Later that day, on the verge of tears, I sat down to meditate. (Of course it wasn’t easy.) Everything in me wanted to give in to despair. Instead, I heard myself saying, “Thank you. Thank you for this. Thank you everyone was okay. Thank you there was enough coolant left in the leaking radiator to get the van home safely. Thank you that it was just around the corner rather than 100 miles from home. Thank you for our friends who rounded the corner on a walk, just as we arrived home, and offered their car for us to use. Thank you.”
As I gave thanks, my heart rested. It wasn’t a mistake. There is nothing lacking. We are receiving what we need. What is, is what I want.
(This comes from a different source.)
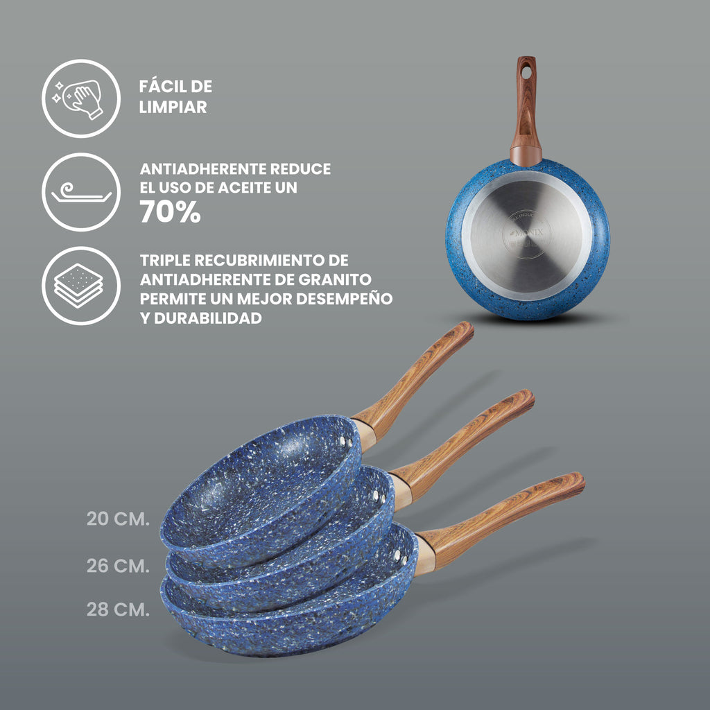 ✔️Antiadherente de granito el mejor antiadherente del mercado.Excelente antiadherente reduce el uso de aceite hasta un 70%.

There have been more miracles since then. A family member lending us a larger van while we sort things out. A bonus from work. Having one of my tunes get playlisted. Things I didn’t have to strive for. Of course I’ll never know the direct correlation between my expression of gratitude, and these signs of provision. What I do know, though, is that gratitude is a gateway to contentment. As “good” and “bad” things happen, gratitude puts them in perspective.
Gratitude allows us to do two seemingly opposite things at once. It lets us dream big, while letting go of those dreams at the same time. Gratitude lets our dreams come at the right time. It allows us to be here, now, while holding out our vision for the future with open hands and open hearts.